Il 13 giugno, esattamente il giorno successivo alla morte di Silvio Berlusconi, si chiudeva con l’ultimo incontro il seminario Leggere de Waal a Rebibbia. Abbiamo deciso di cominciare il dibattito conclusivo partendo proprio dalla figura controversa e polarizzante di Berlusconi, ricollegandoci alla lezione precedente che ruotava attorno alla questione della gerarchia e della costruzione del potere.  

Pietro Vereni ha introdotto il dibattito soffermandosi sulla molteplicità delle gerarchie, connotate da livelli di intrusività dati sia dalla misura in cui le persone riescono a farsi pensare, sia dal bisogno di queste di essere pensate. È attraverso la costruzione delle parole, del significato che viene loro attribuito e del modellamento che riescono a imprimere sul mondo circostante, che, del resto, viene veicolato l’attecchimento stesso del potere: un processo induttivo opposto all’accoglimento eppure altrettanto funzionale 

Tra i primi a intervenire, M.R.: «Berlusconi era accusato dei miei stessi reati, ma sono stati prescritti solo a lui. Il potere porta i soldi, è la ragione per cui ha fondato Forza Italia: non poteva più essere soltanto un imprenditore, perché la magistratura milanese aveva creato il pool di Mani Pulite praticamente per lui e ha avuto bisogno di creare la sua difesa politicamente».  

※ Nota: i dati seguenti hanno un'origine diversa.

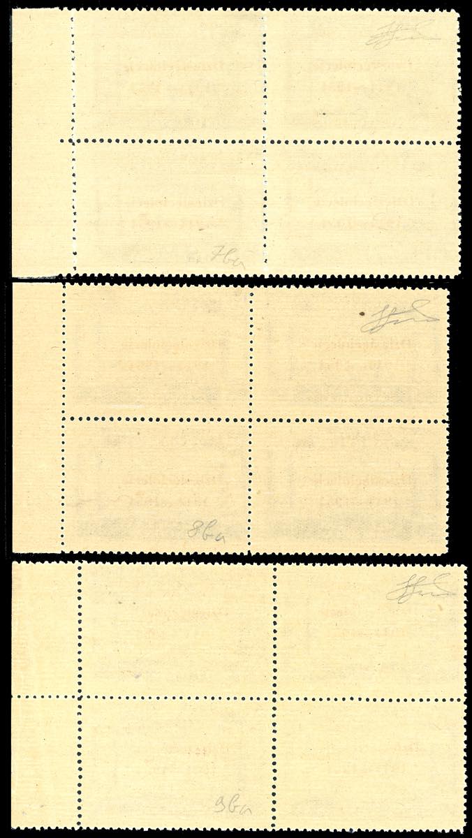 GOV. POLACCO DI LONDRA 1954 - Serie completa, soprastampa vermiglio, blocchi di quattro, bordo di foglio, con un esemplare con varietà tratto tipografico sopra il 5 di 1954 (7/9,7ba/9ba), nuovi, gomma originale integra, perfetti. Belli e molto rari. Cert. Ferrario.

Sull’abilità a mettersi in gioco, invece, L.Z. riconosce che «chiunque si metta in gioco viene amato o odiato. Le persone che non lo fanno sono quelle a cui nemmeno fai caso». E lo segue anche L.F. sostenendo che «chiunque sia diventato un mito ha visto demonizzare il suo potere, anche da parte delle persone più vicine. Quando si scelgono i compagni direttamente è diverso, ma quando non si ha la possibilità di farlo, il rischio è che il meccanismo si inceppi all’origine».  

Come ribadisce Vereni, gli esseri umani si sono sempre interrogati sul tema del potere, sul grado di incidenza che esercitano sul mondo in cui si trovano a vivere, sulla postura del tenutario del potere e del suo rapporto con quella che veniva definita la “regalità divina”, che, in molte culture, consentiva al re di compiere azioni fuori da qualsiasi ordinarietà, come ad esempio accoppiarsi con la sorella piuttosto che uccidere indiscriminatamente.  

La regalità divina, considerata sacra, riveste una posizione essenziale nella planimetria del potere: proprio perché separata senza essere divisa da tutto ciò su cui esercita una presa di controllo, serve alle popolazioni in quanto forma giustificatoria e significatoria del mondo. Al tempo stesso legittima le ritualità che scandiscono il divenire delle dinamiche di potere, di modo che appaiano sempre controllabili. Berlusconi ha incarnato non soltanto la possibilità, ma la fattibilità di un simile potere, perché, prima di tutto, è stato in grado di comunicarlo.  

Il bonobo e l’ateo ci costringe a fare i conti con la sfera rituale e religiosa, perché il potere ha a che fare con una dimensione meta-umana, nella misura in cui ciascun sistema, pur essendo costruito da  noi, è sempre qualcosa che trova la sua legittimazione da fuori. E allora ci siamo chiesti se effettivamente siamo in grado di accettare l’idea di un potere che abbia un’origine meta-naturale. 

A mostrare una posizione decisa rispetto alla domanda è di nuovo M.R. che risponde: «no, il potere è dato dagli uomini agli altri uomini», eppure – continua il professor Vereni – i nostri antenati avevano a disposizione una semplice evidenza empirica: non potevano ottenere ciò che desideravano. Da qui la nascita del sacrificio come tornaconto, vantaggio non immediato, come un investimento da gettare nel tempo, nella consapevolezza che il nostro lavoro non basta. Il senso di incertezza è la verità della vita umana, la soluzione quindi necessita di un livello di realtà ulteriore.